PA Parepare Ikuti Bimtek Peningkatan Kompetensi Tenaga Teknis Kinestetik Hukum Acara Perdata

Jumat (14/07/23), bertempat di Media Center Pengadilan Agama Parepare dilaksanakan secara daring kegiatan bimbingan teknis peningkatan kompetensi tenaga teknis di lingkungan peradilan agama oleh Direktorat Jenderal Badan Peradilan Agama Mahkamah Agung RI dengan tema Kinestetik Hukum Acara Perdata (Telaah Temuan Penerapan dalam Berkas Kasasi dan Peninjauan Kembali) berdasarkan surat nomor: 1927/DjA/PP.00/7/2023.
Kegiatan dilaksanakan pada pukul 09.00 WITA s.d. selesai, diikuti oleh Ketua Pengadilan Agama Parepare, Wakil Ketua dan dan Hakim Pengadilan Agama Parepare. Kegiatan Pembinaan Bidang Teknis dan Administrasi Yudisial dibuka Plt. Direktur Jenderal Badan Peradilan Agama H. Bambang Heri Mulyono, S.H., M.H., dan narasumber selama kegiatan ialah YM. Hakim Agung Kamar Agama Mahkamah Agung Republik Indonesia, Bapak Dr. H. Purwosusilo, S.H., M.H.
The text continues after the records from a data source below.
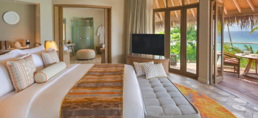 Beach Residence with Private Pool (415 кв. м) – пляжная двухэтажная резиденция. Спальня с кроватью king-size, отдельная гостиная, кухня с баром, обеденная зона, ванная комната с ванной и душем, тропический душ на свежем воздухе. меблированная терраса с бассейном, зоной отдыха, выходом к пляжу и видом на океан. Всего 3 виллы данной категории.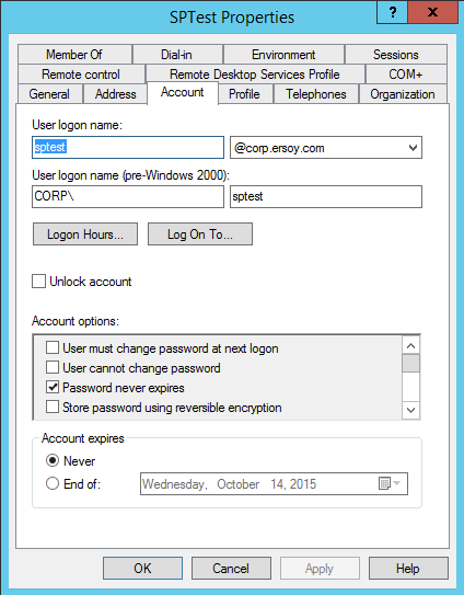 Feel free to fill the information as you like, but in our sample I've created a test account named "sptest".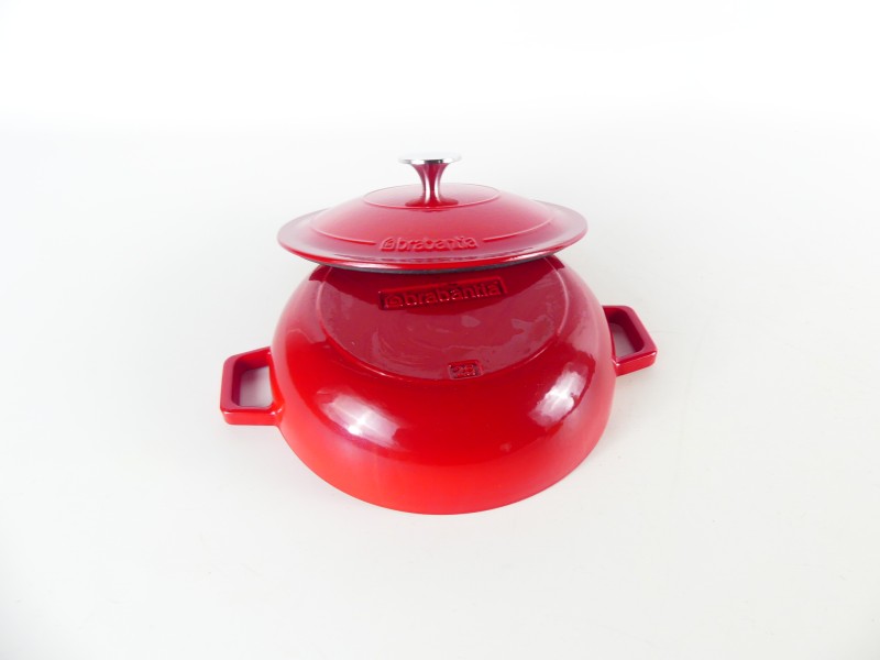 1- Ronde rode gietijzeren pan met deksel van Brabantia (25).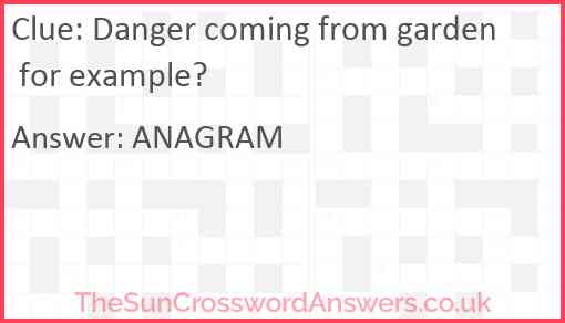 Danger coming from garden for example? is a crossword clue for which we have 1 possible answer and we have spotted 1 times in our database. This crossword clue was last seen on 17 February 2025 in The Sun Cryptic Crossword puzzle!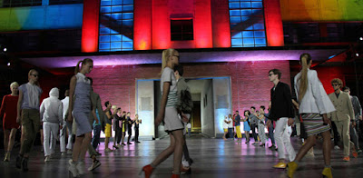 In passerella le proposte di Scott Sternberg uomo e donna sulle note del musical West Side Story e Singin in the Rain. Sono proprio gli anni 80′ ad essere il leit motive della collezione. Bande ubane, formate da ballerini professionisti “ribelli e sfrontati”, si sfidano per la conquista della ragazza più bella da corteggiare sulle note dei famosi musicals.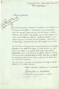 Épinal 17 décembre 1792, au général DUMOURIEZ. Il recommande au « libérateur de la Belgique » et « vengeur de la France » le docteur Guinet « médecin, très instruit, zélé patriote qui pourrait être employé avec succès ». Il lui adresse « un exemplaire d'une autre plaisanterie philosophique, qui a été placardée avec succès à Paris et ailleurs. C'est une parodie de la Déclaration des Droits. Peut-être une affiche de ce genre peut-elle concourir à épurer l'opinion des Peuples, que vous sauvez de l'esclavage » - Paris 21 novembre 1807 : il s'apprête à déménager et veut redevenir « prêtre de Flore et de Pomone » ; il est chargé de rédiger un tableau « de l'état de la langue et de la littérature française depuis 1789 » et voudrait consulter à ce sujet « un petit volume d'Entretiens de Balzac ». - 7 août 1819, à Alexandre PETITOT, au sujet de L'Esprit de Corneille dont l'unique exemplaire a été envoyé à l'Académie ; il est en convalescence et ne lit aucun journal ; il ne veut plus voyager, pour profiter de ses derniers jours : « le meilleur moyen [] c'est de vivre avec l'amitié, et comme Candide, de cultiver son jardin » - 1er janvier 1820, à François RAYNOUARD, secrétaire perpétuel de l'Académie française : il envoie en étrennes « une belle édition de Gil Blas, avec des notes qui contiennent la clé du roman » ; des estampes suivront - 20 juillet 1824, à Népomucène LEMERCIER, le félicitant de son drame, Richard III et Jeanne Shore, qu'il a lu, sa goutte l'empêchant d'aller au spectacle : « en lisant les bonnes pièces, je crois encore y assister ». Il fait quelques remarques de style, et se montre pointilleux envers le travail de l'imprimeur car la typographie laisse à désirer Il lui reproche d'en faire un peu trop : « la duplicité des tons peut-elle autoriser la duplicité des sujets ? N'aviez vous pas assez à peindre de l'effigie affreuse de ce coquin de Richard Trois ? [] vous aimez à créer des monstres []. Cependant j'aurais préféré Richard trois, seul et pur ; mais avec moins de monologues. Corneille se plaint d'avoir sacrifié, dans ses premières pièces, à cette manie des acteurs, qui, de son temps aussi, ne voulaient que des soliloques. L'essence de l'art dramatique est pourtant dans le dialogue »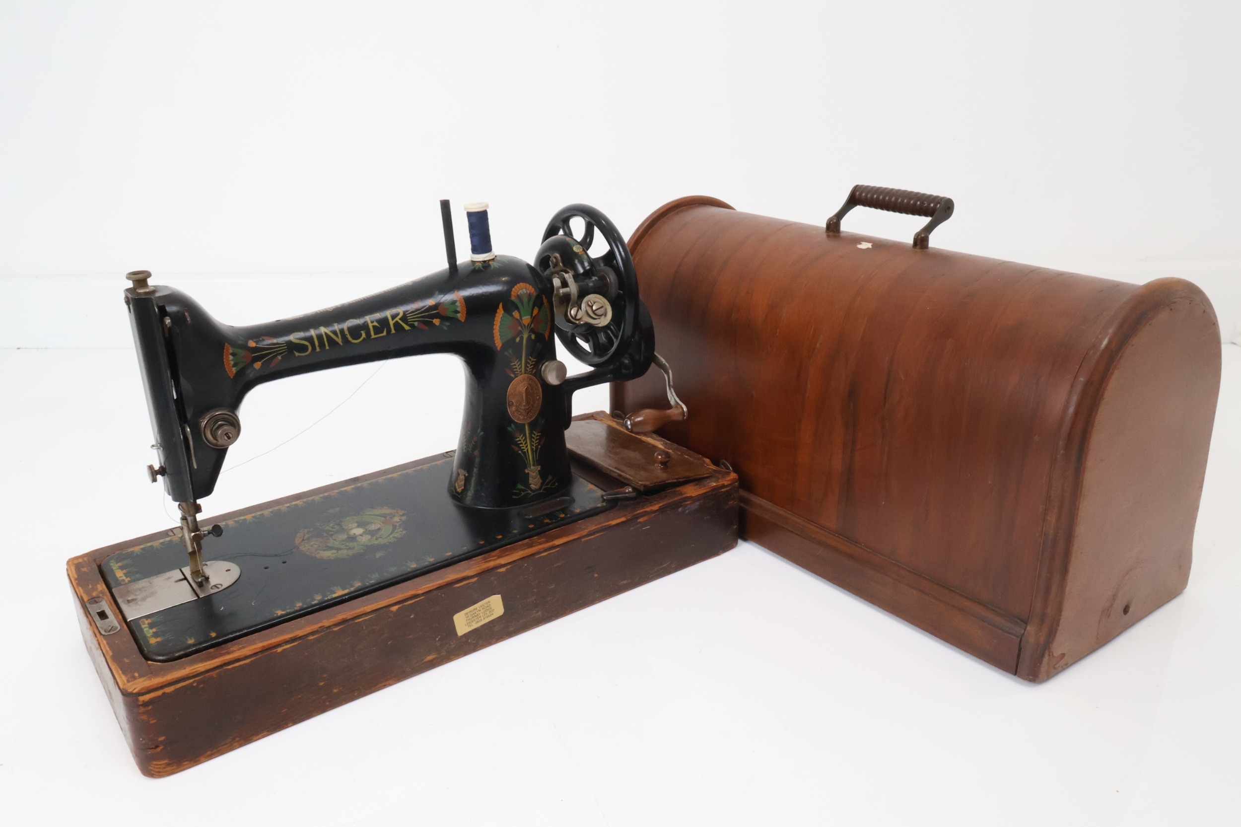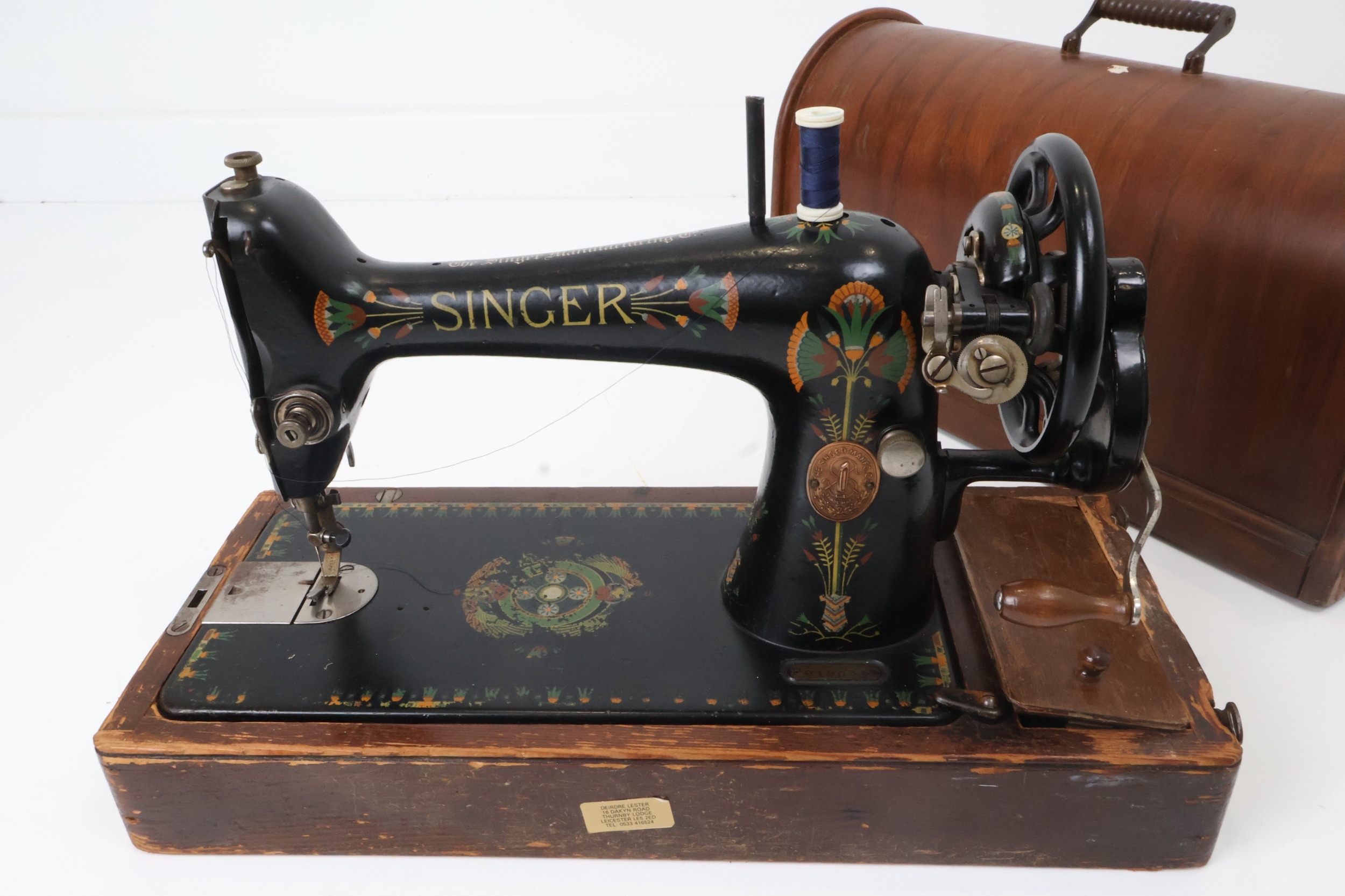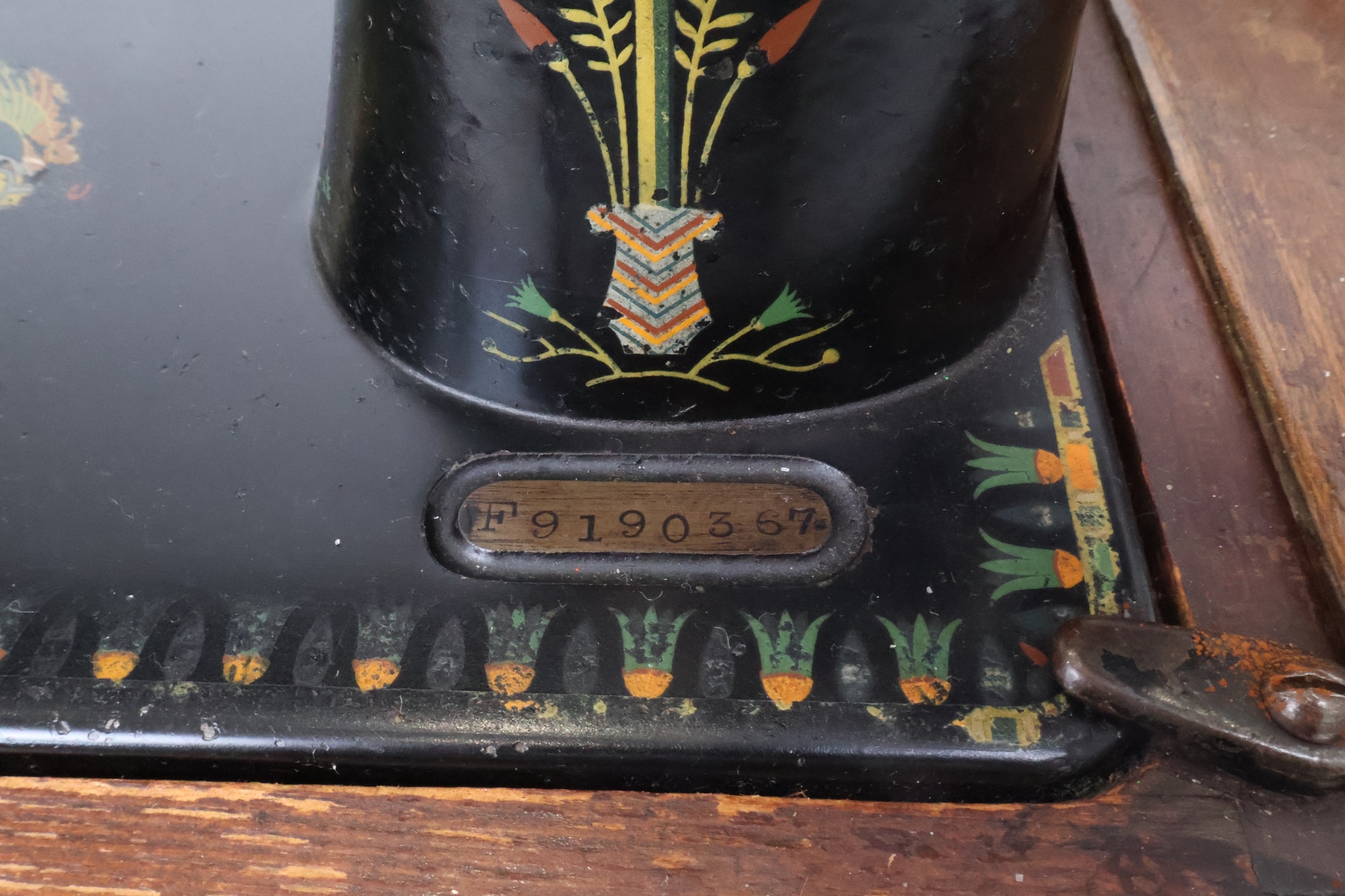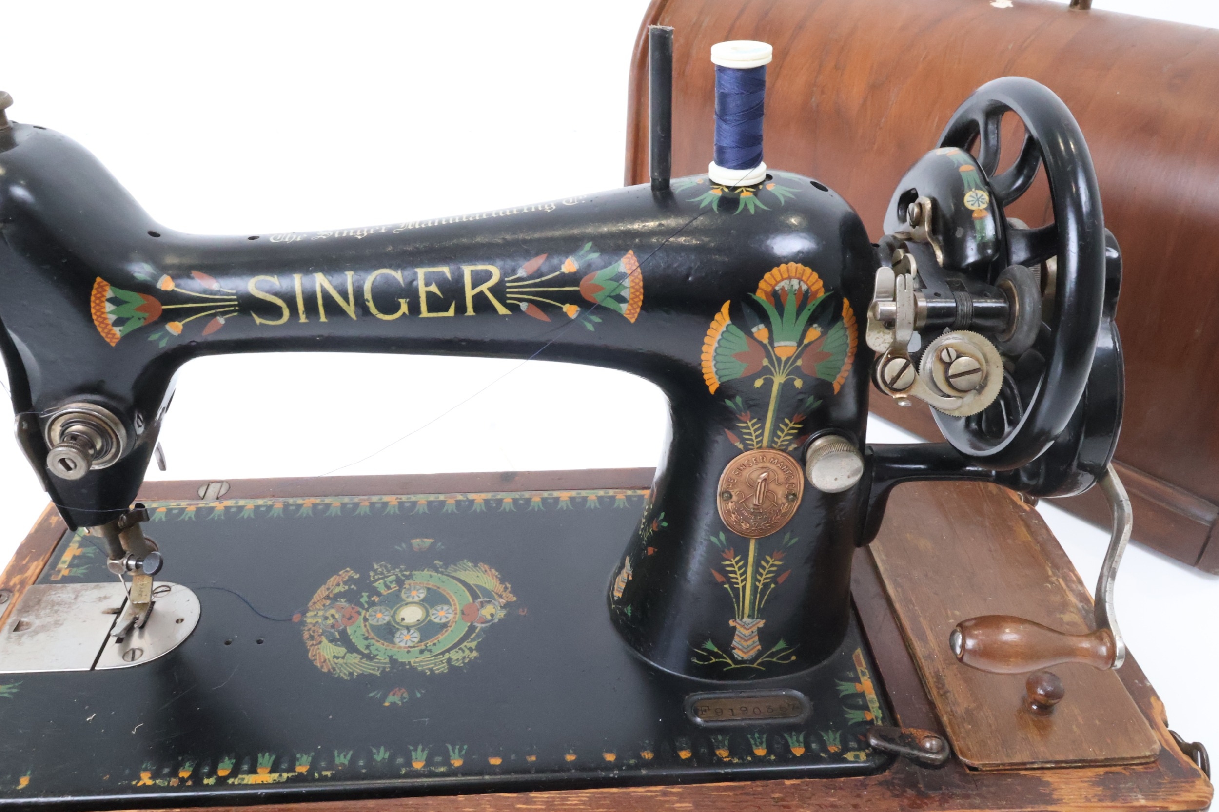 A cased Singer Model 66 Hand Sewing Machine, manufactured circa 1919 at the Clydebank factory, Scotland, as indicated by the 'F' series serial number. The lot includes the black enameled cast iron machine head mounted on a dark-stained wooden base, and its fitted wooden dome carrying case. The machine is heavily decorated with colorful decalcomania consistent with the Egyptian Revival or Sphinx motif style. Visible markings include the brand name SINGER on the arm and the serial number F9190367 on an inlaid plate on the bed. This model is designed for hand operation.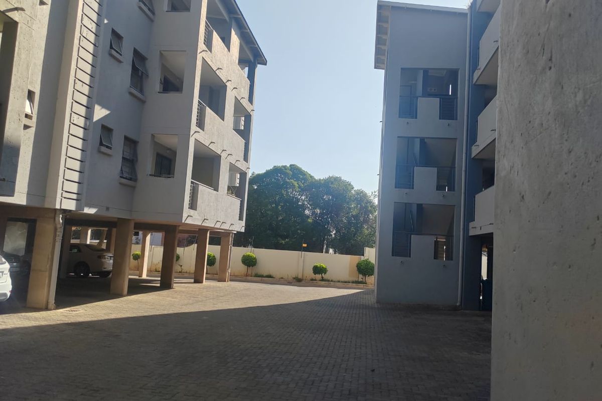 Ideal for students! Conveniently located near the University of Pretoria, Loftus Park, Gautrain station, and Hatfield Plaza. Modern kitchen, Open plan tiled living area that leads onto a balcony. Two tiled bedrooms with built-in cupboards. The two bathrooms - the main being en-suite with a shower, toilet, and basin and the 2nd bathroom with a shower, toilet, basin, and an appliance connection.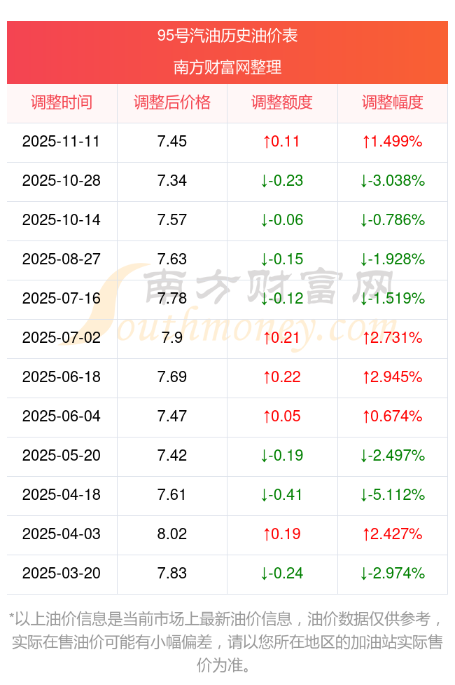 油价调整最新消息:下一轮油价调整时间11月24日24时。11月19日山西汽油、柴油的价格多少钱一升?本轮油价调整时间是11月11日,92号汽油6.9元,涨了0.1元,涨幅达1.47%;95号汽油7.45元,涨了0.11元,涨幅达1.5%;89号汽油6.46元,涨了0.1元,涨幅达1.57%;0号柴油6.64元,涨了0.1元,涨幅达1.53%。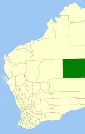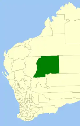 | Comté de Wiluna | Wiluna | 1909 | Le "Wiluna Road Board" fut créé en 1909. On 1er juillet 1993, the eastern half of the Shire abutting the State's border with the Northern Territory was incorporated as the Shire of Ngaanyatjarraku. | 184 000 km² | ![]() |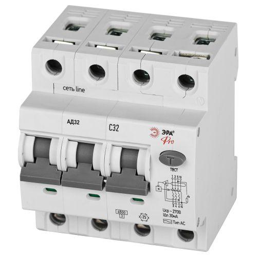 Выключатель автоматический дифференциального тока 3P+N C 32А 30мА тип AC защита 230В АВДТ 4.5кА PRO D32E4C32AC30P АД32 электронное Эра Б0057796 - способы оплаты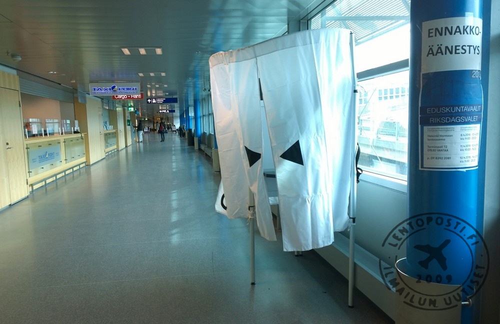 Ennakkoäänestysaika päättyy kotimaassa tiistaina 14. huhtikuuta (kuvassa oikealla Helsinki-Vantaan lentoaseman ennakkoäänestyspiste). Varsinainen vaalipäivä on sunnuntaina 19. huhtikuuta. Vaaleissa valitaan 200 kansanedustajaa noin 2000 ehdokkaan joukosta seuraavalle nelivuotiskaudelle.
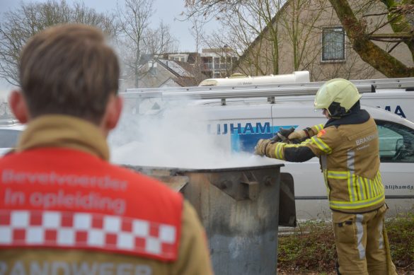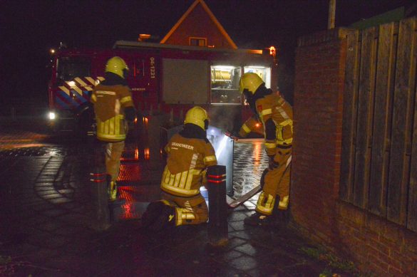 Brandweer blust nasmeulende afvalcontainer in Steenwijk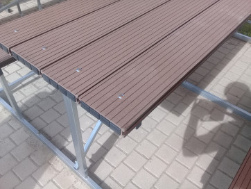 Столешница и лавки изготовлены из террасной доски, толщина 30 мм.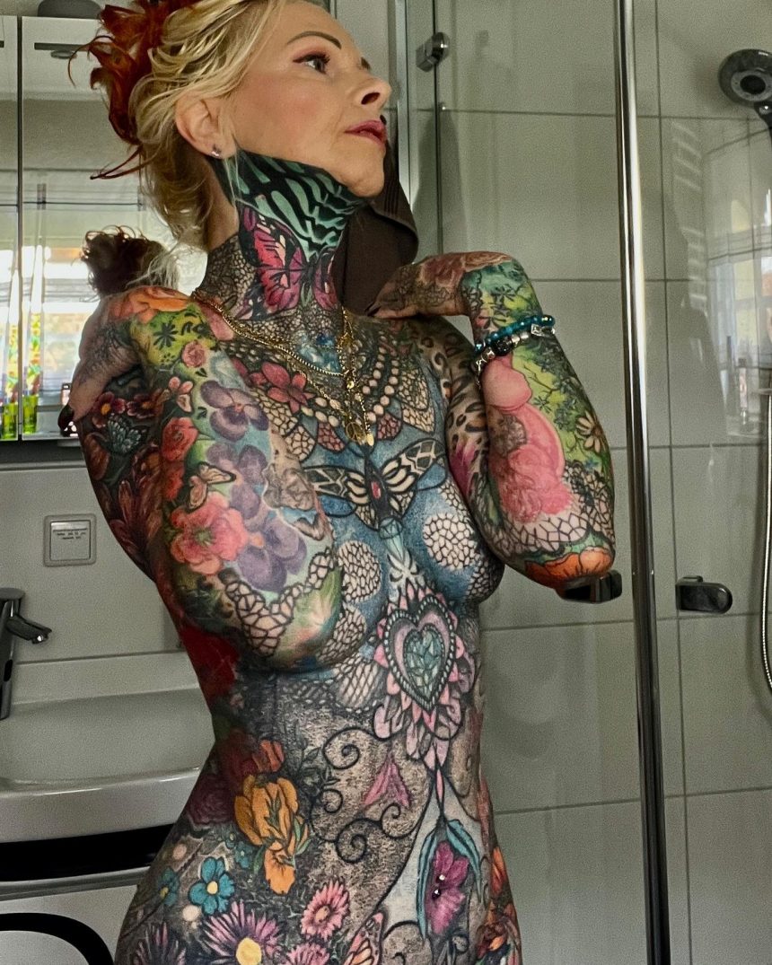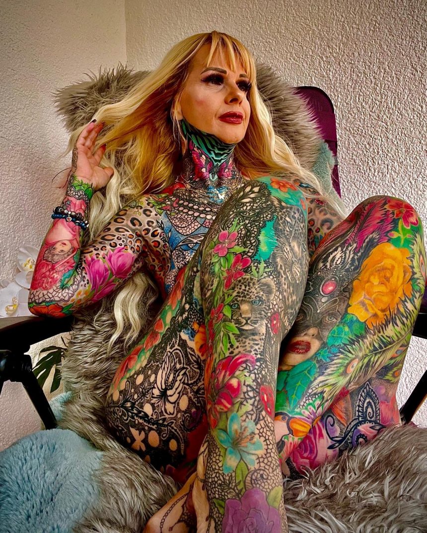 56-годишната дама, која е воедно и баба, од Германија ги собра своите долги русокоси прамени во пунџа за да ги покаже своите прекрасни тетоважи.

Dalam sambutannya, Plt. Direktur Jenderal Badan Peradilan Agama H. Bambang Heri Mulyono, S.H., M.H., menyampaikan pentingnya peningkatan kompetensi tenaga teknis dalam menyelenggarakan proses peradilan agama. Peningkatan kompetensi tenaga teknis dalam sistem peradilan agama sangat penting untuk memastikan keberlanjutan dan peningkatan kualitas pengadilan agama. Dengan pemahaman yang lebih baik mengenai hukum acara perdata, tenaga teknis akan mampu menghadapi tantangan dan kompleksitas kasus-kasus yang diajukan ke pengadilan agama dengan lebih efektif. Ia mengungkapkan, "Kegiatan bimbingan teknis ini merupakan kesempatan berharga bagi para tenaga teknis kita untuk meningkatkan pemahaman dan penerapan hukum acara perdata, terutama dalam telaah temuan dalam berkas kasasi dan peninjauan kembali."

Kegiatan bimbingan teknis peningkatan kompetensi tenaga teknis di lingkungan peradilan agama ini diharapkan akan memberikan dampak positif dalam peningkatan mutu layanan peradilan agama di Indonesia. Peningkatan kompetensi tenaga teknis merupakan langkah penting dalam meningkatkan kualitas peradilan agama secara keseluruhan. Dengan pengetahuan yang diperbarui dan keterampilan yang lebih baik dalam menerapkan hukum acara perdata, Pengadilan Agama Parepare dapat lebih efektif dan efisien dalam menyelesaikan perkara yang berada di bawah yurisdiksinya.